Final word yet to be delivered in Energy Transfer Equity’s offer for Williams
New York: Energy Transfer Equity’s $51 billion bid for fellow pipeline company Williams has raised the prospect of a clash of business models, with the two groups at odds over the best structure for operating energy infrastructure in the US. (The offer, which would create the world’s largest energy infrastructure group, was on Sunday evening rejected by Williams as significantly undervaluing its business.)
However Williams, which operates pipelines for natural gas and related liquids in the US, left the door open to accepting a bid, saying it had launched a strategic review. Analysts suggested on Monday that given the limited number of potential buyers for Williams, Energy Transfer stood a good chance of being ultimately successful, perhaps after raising its offer.
The deal values Williams’ equity at about $46 billion, and it also has about $5 billion in debt. Kelcy Warren, Energy Transfer’s chairman, said on Sunday that he believed combining his group with Williams’ assets would “create substantial value that would not be realised otherwise”.
Energy Transfer added that it was “disappointed” that it had been forced to confirm its offer, and said Williams’ management had “inexplicably ignored” its attempts to discuss a deal, in spite of multiple attempts over the course of almost six months.
One fundamental strategic disagreement between the two companies is that Energy Transfer Equity and its affiliated companies are set up using a tax-advantaged structure known as a master limited partnership. Williams is a corporation and plans to consolidate its affiliated partnership into a single company.
MLP structures, which are used principally in the energy industry and especially for infrastructure such as pipelines, became increasingly popular over the past two decades because of their tax benefits, but have recently become controversial, in part because of their complexity.
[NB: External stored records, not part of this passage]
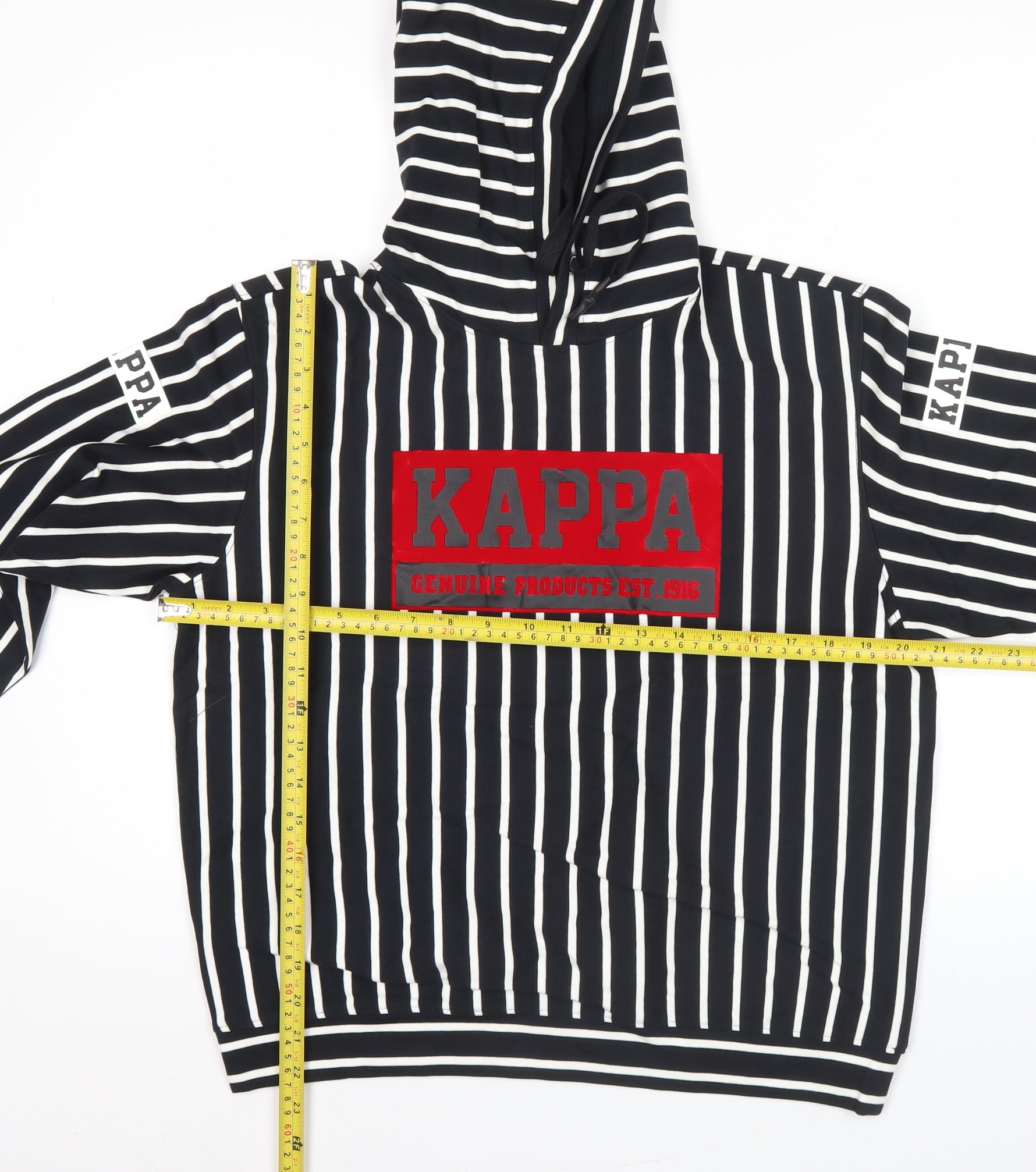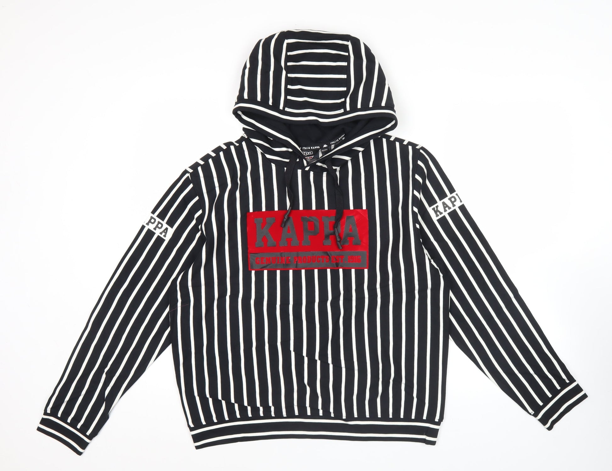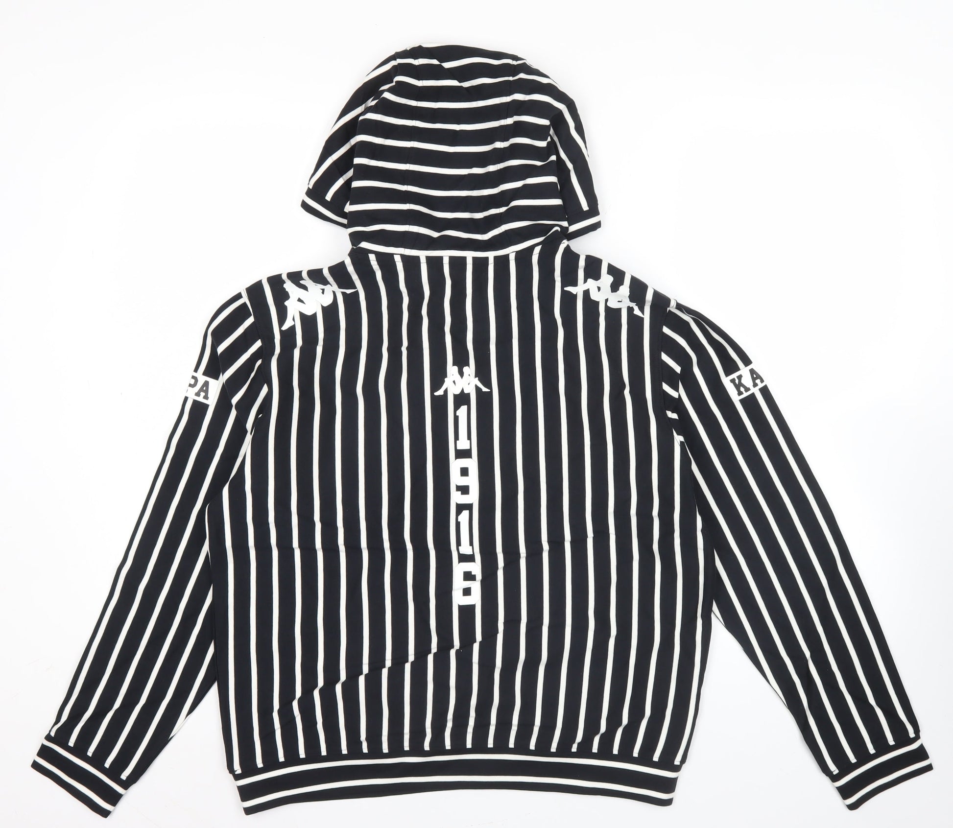 Kappa Men’s Black Striped Pullover Hoodie XS Regular Fit Hooded Sports
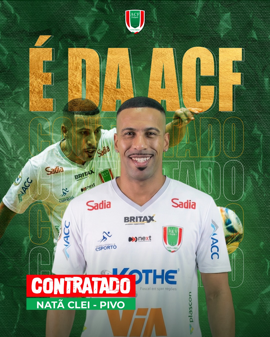 A ACF Futsal anuncia a contratação do pivô Natã Clei, atleta que chega para fortalecer o elenco com presença ofensiva, experiência e faro de gol.
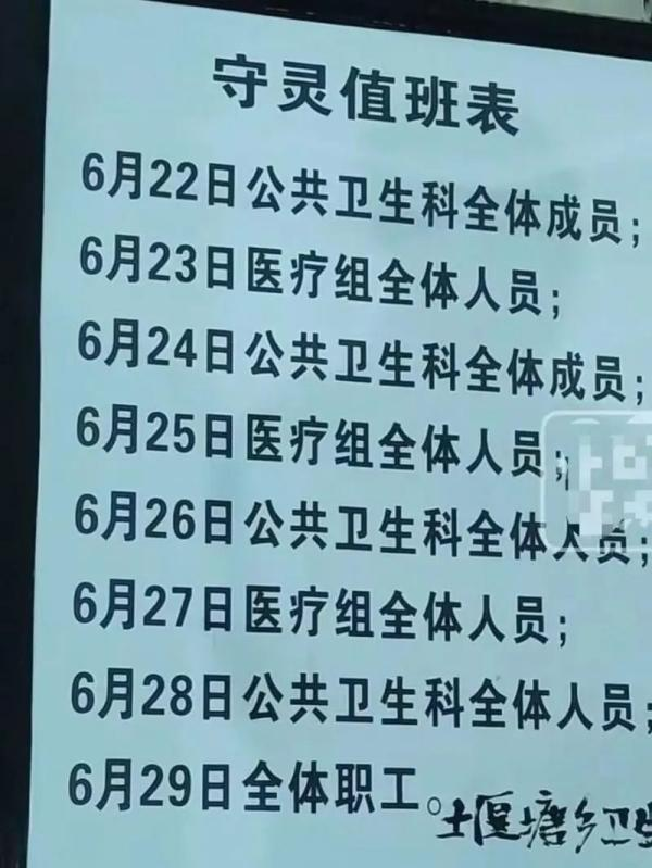 当地一位老人去世,却安排中学和卫生院的工作人员守灵,这份值班表足足安排了8天。
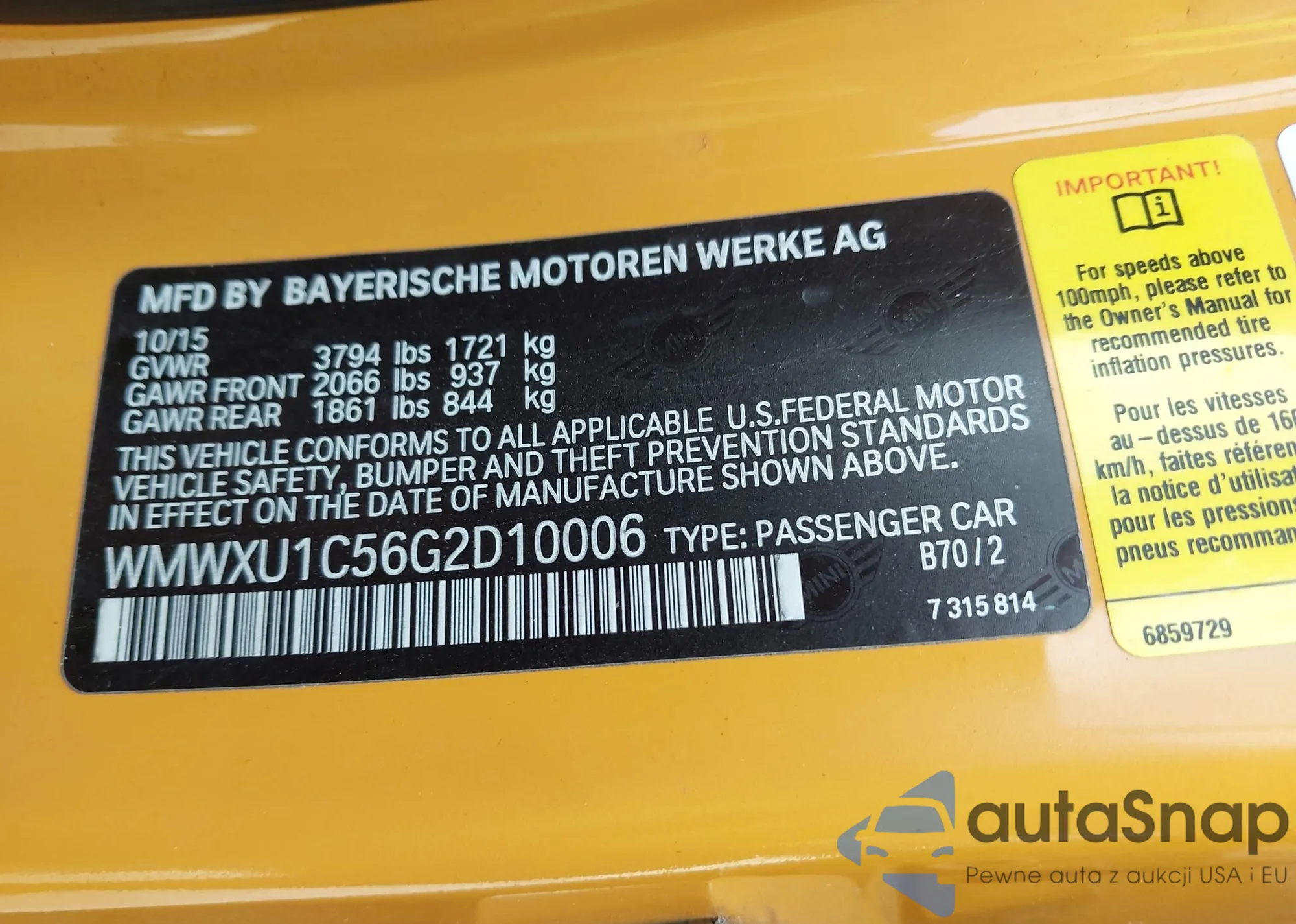 LOT: 41752731 VIN: WMWXU1C56G2D10006
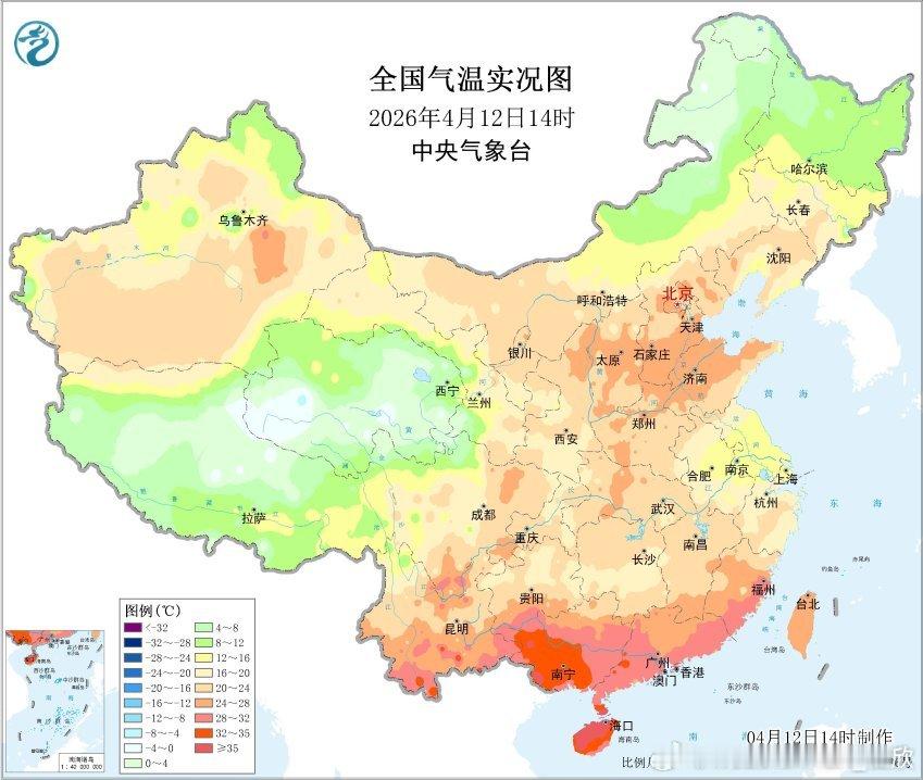【气温】今天海南继续高温。澄迈连续7天最高气温冲上40℃,继续改写当地最长连续40℃日数纪录。海口也连续8天出现35℃以上高温,追平当地4月最长连续高温纪录。今天因为阴晴的光照差异,从辽宁到江浙沪,气温分布形成南北倒挂。沈阳下午有22℃,创今年气温新高,明显高于同时次的上海南京。
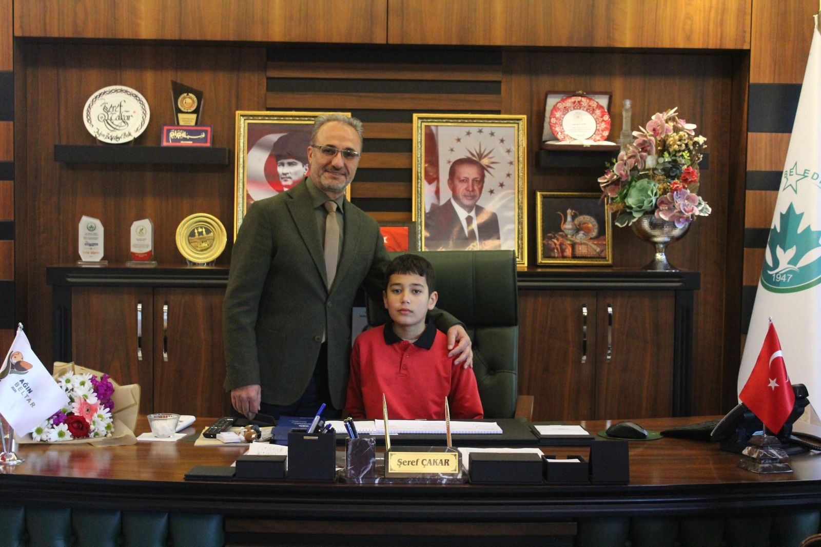 Belediye Başkanlığı makamını devralan 5. sınıf öğrencileri Elif Nur Karakaş ve Davut Efe Uyulmaz, hayallerindeki şehri anlattılar.
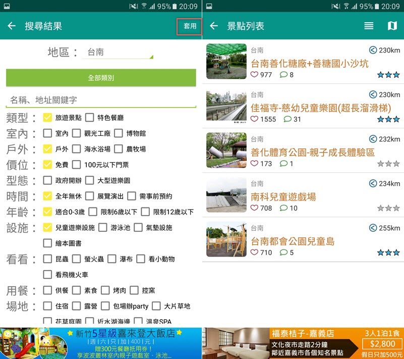 從左排功能列點「尋找景點」,可以更精確的依照不同的需求來篩選想去的地方,例如今天在台南想找戶外、適合 0-3 歲小孩的景點,還要有一些遊樂設施,選完點右上角套用,就會出現符合條件的地方了。
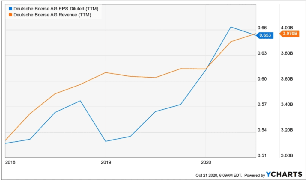 Капитализация Deutsche Borse составляет 30,5 миллиардов долларов. При этом интересно, что основной доход биржа получает за счёт сегментов по торговле деривативами и от клиринговых и депозитарных услуг.
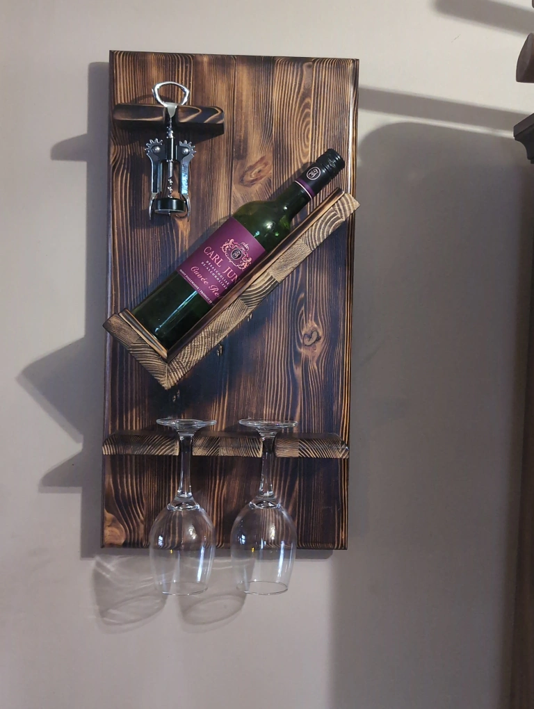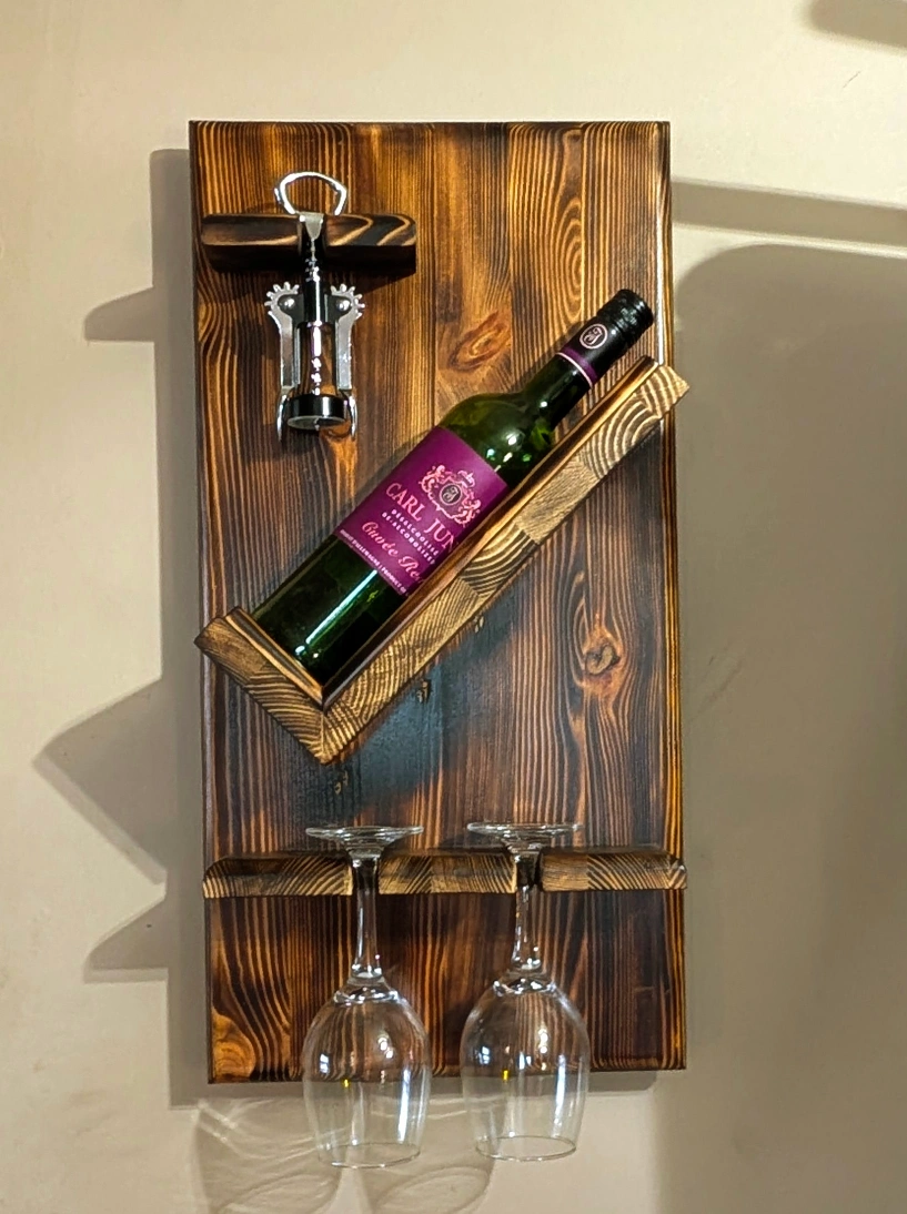 Add warmth and style to your space with this beautifully crafted wall-mounted wine rack. Standing 24" tall, it’s made from richly grained wood with a dark, burnt finish—perfect for cozy kitchens, farmhouse dining rooms, or stylish home bars. Designed to hold one wine bottle, a corkscrew and two glasses, it’s compact yet visually striking; adding both charm and practicality. ✨ A stunning gift for housewarmings, weddings, or anniversaries—and a must-have for wine lovers and décor enthusiasts alike!

Kinder Morgan, the largest US pipeline group, announced last August that it was consolidating its set of partnerships into a single company.
Williams said in May it planned a similar move, buying in the remainder of its 60 per cent owned MLP affiliate Williams Partners for $13.9 billion.
The Energy Transfer offer is conditional on Williams abandoning that deal. Williams’ shares have fallen since the consolidation plan was announced, losing about 4 per cent of their value by last Friday’s close.
By contrast the Energy Transfer group announced a restructuring in January, with Energy Transfer Partners buying its affiliate Regency Energy Partners in a $17 billion deal, but it will remain as an MLP, controlled by Energy Transfer Equity.
Under the Energy Transfer offer for Williams, a new company established as a conventional corporation called ETE Corp would be established and given a separate listing.
Williams investors would be given equity in that in return for their shares, but the Energy Transfer businesses and Williams Partners would remain as MLPs.
In its search for potential alternative buyers, analysts said that Williams would not have too many options because of its $45 billion market capitalisation.
Kinder Morgan and Enterprise Products Partners appear to present the only viable alternatives, according to Jay Hatfield, of InfraCap, portfolio manager of an exchange traded fund that invests in MLPs.
“In the past Energy Transfer has been very aggressive,” he said. “There’s a pretty reasonable chance that it will be ultimately successful.”
Warren has a reputation for coming out victorious in takeover battles. Energy Transfer battled Williams for control of Southern Union, another pipeline company, in 2011 and succeeded after raising its bid.